# Calidio hoc unum,si nihil utilitatis habebat



## Lamb67

Calidio hoc unum,si nihil utilitatis habebat, abfuit,si opus erat,defuit.(Cic. Brut. 80)
_If there was nothing urgent for this particular Calidius, he was absent.
but if there was some work, he was useless.


Here is the search results on hoc unum by _Scholiast.
_ut tibi quidem videri solet_ is in parenthesis, and simply interrupts the main idea, _cum sit opus unum hoc oratorium maxime_, "...since this one form of literary activity [more than any other] is most oratorical [i.e. calls for the skills of one trained in oratorical composition

It doest not seem to be very helpful, but I am doing my best.

any comments please?


----------



## Quiviscumque

Dear Lamb, you are cheating  That text does not appear in Cicero's "Brutus de claris oratoribus".

Anyway, "hoc unum" means "this alone".

​


----------



## relativamente

Opus est means almost the same as necesse est, but more than  it is necessary means it is important


----------



## CapnPrep

Quiviscumque said:


> Dear Lamb, you are cheating  That text does not appear in Cicero's "Brutus de claris oratoribus".

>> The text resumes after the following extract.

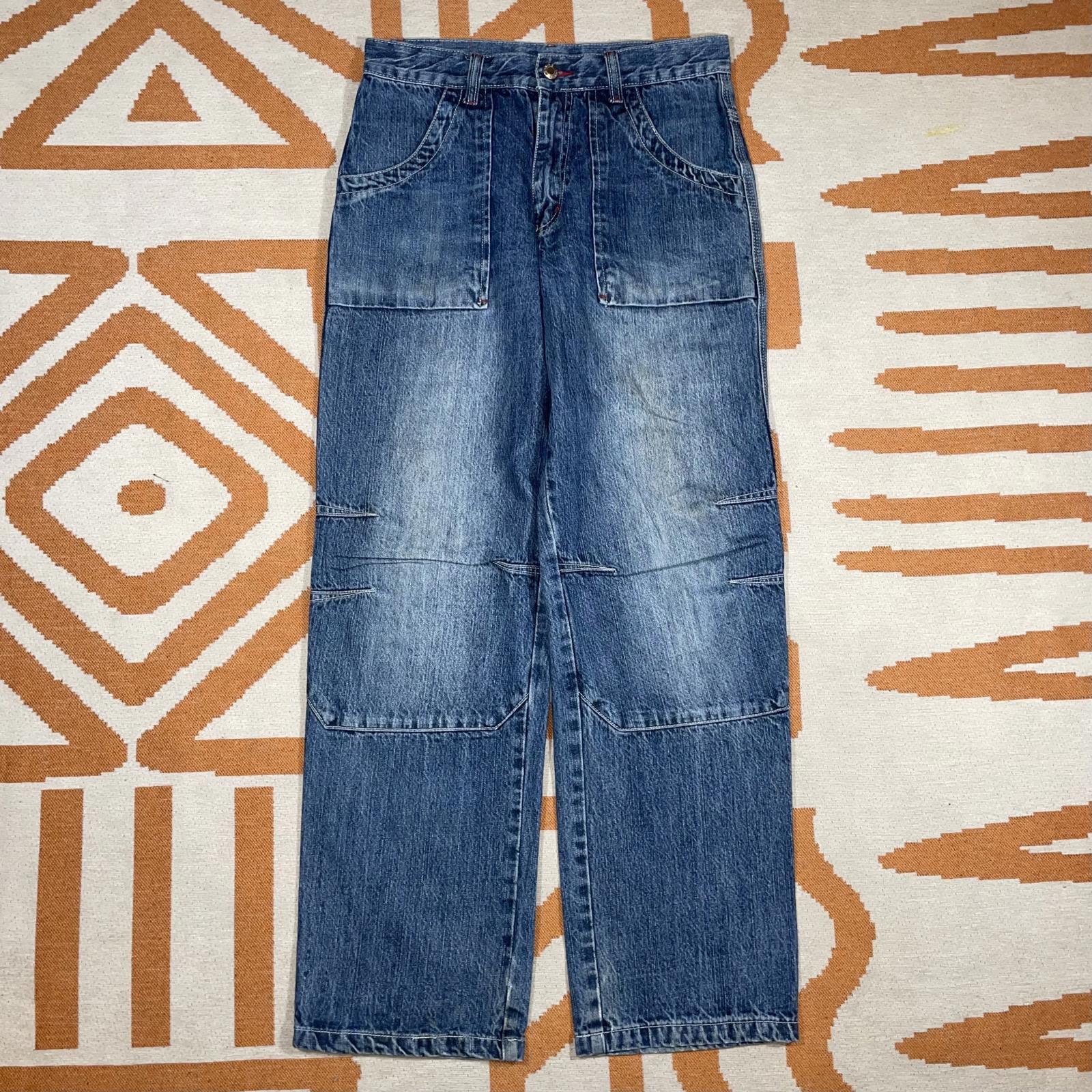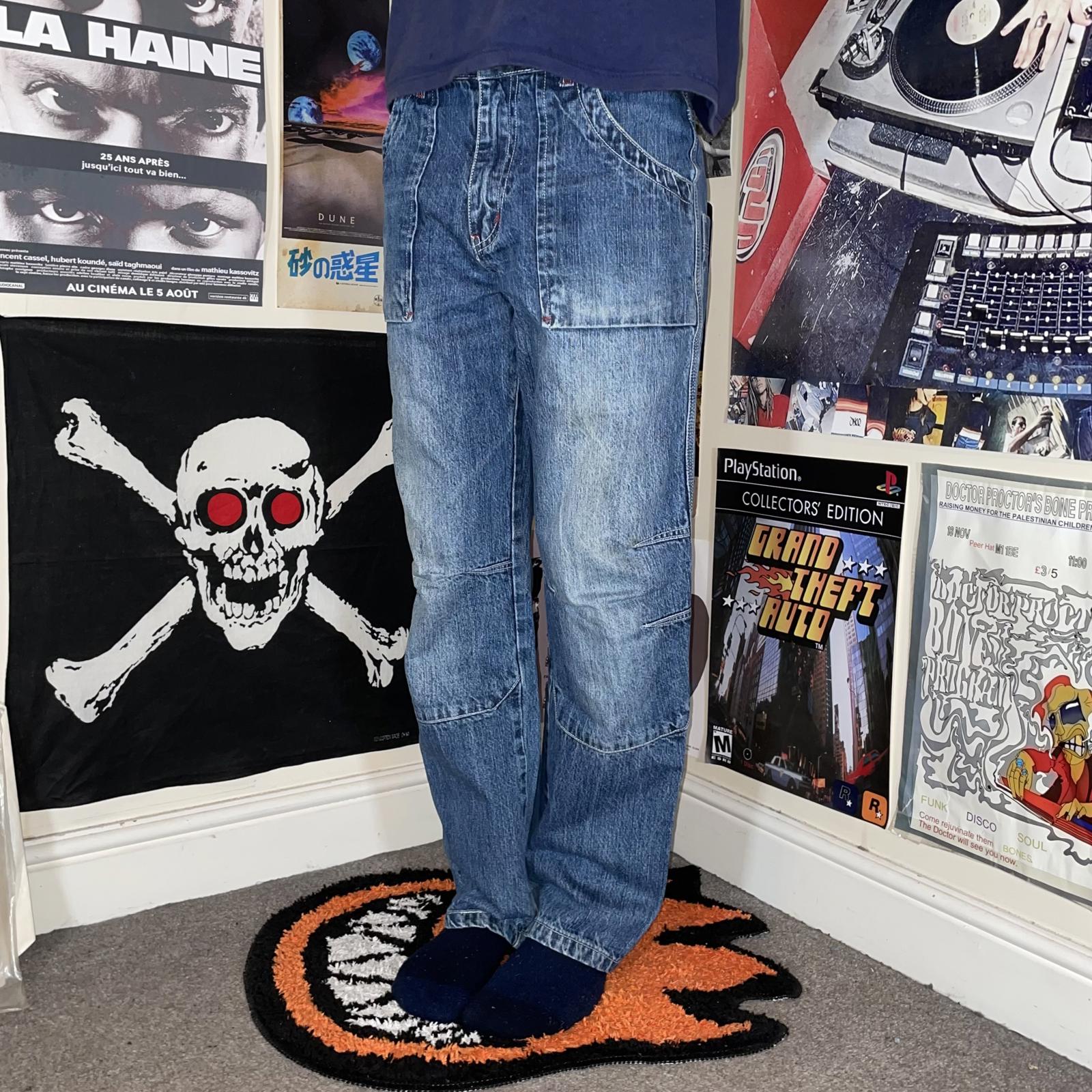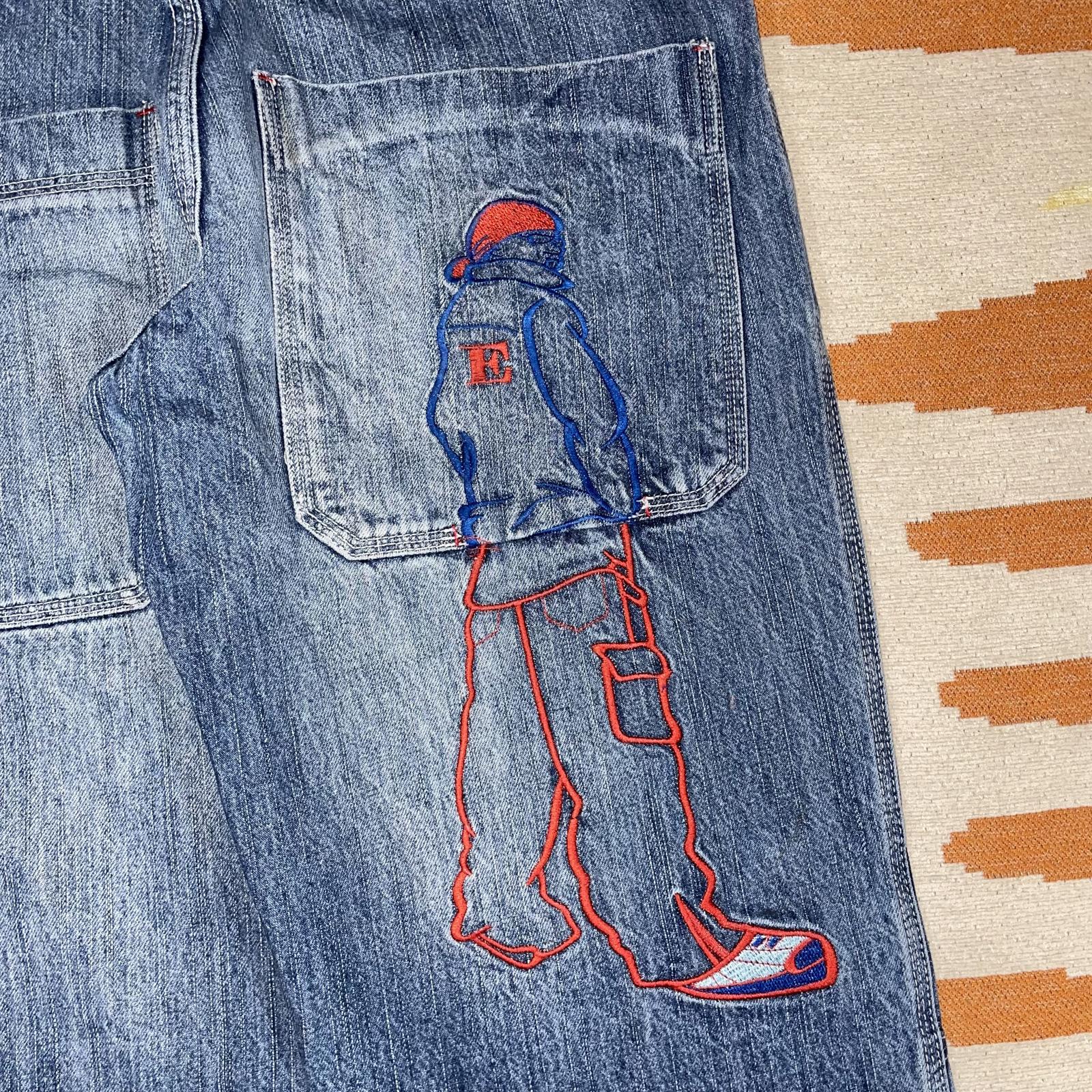 Hip Hop 00s Embroidered Character Blue Denim Jeans 28x30

Actually, it does, at 80[276], just as Lamb67 indicated.


Lamb67 said:


> _If there was nothing urgent for this particular Calidius, he was absent._


_Hoc unum_ (*nom*/acc) cannot modify _Calidio_ (*dat*/abl). You must find a different syntactic function for _hoc unum_ in this sentence.


----------



## Lamb67

Hoc is the subject, another guy maybe.

When he has a minor buzziness for Calidius, he was absent; when there was some serious buzziness, he would fail in the end.


----------



## Quiviscumque

CapnPrep said:


> Actually, it does, at 80[276], just as Lamb67 indicated.



"Illi", not "Calidio" . I was just kidding.
Dear Lamb, Cicero is saying that in Calidius "nec erat ulla vis atque contentio". "Hoc unum" or "illi abfuit" or "illi defuit".


----------



## CapnPrep

Lamb67 said:


> Hoc is the subject, another guy maybe.


There are very few situations where you could use neuter _hoc_ to refer to "another guy"…


----------



## Lamb67

If he was of little use in this one case by staying away, then he would fail when a serious work came.


----------



## Quiviscumque

Dear Lamb, this one is convoluted, even for Cicero. The meaning flows along the whole paragraph.

"duo summe tenuit, ut et rem illustraret disserendo et animos eorum qui audirent devinciret voluptate;"

I. e., Calidius had got two good qualities.

"aberat tertia illa laus, qua permoveret atque incitaret animos, quam plurimum pollere diximus; nec erat ulla vis atque contentio:"

But he lacked a third one.

"sive consilio, quod eos, quorum altior oratio actioque esset ardentior, furere atque bacchari arbitraretur, sive quod natura non esset ita factus sive quod non consuesset sive quod non nosset". 

Perhaps because Calidius thought it was not really a quality, perhaps because Nature did not give him this gift.

"Hoc unum illi, si nihil utilitatis habebat, afuit; si opus erat, defuit."

This alone was for him an absence (if you think it is not necessary) or a defect (it you think it is necessary).


----------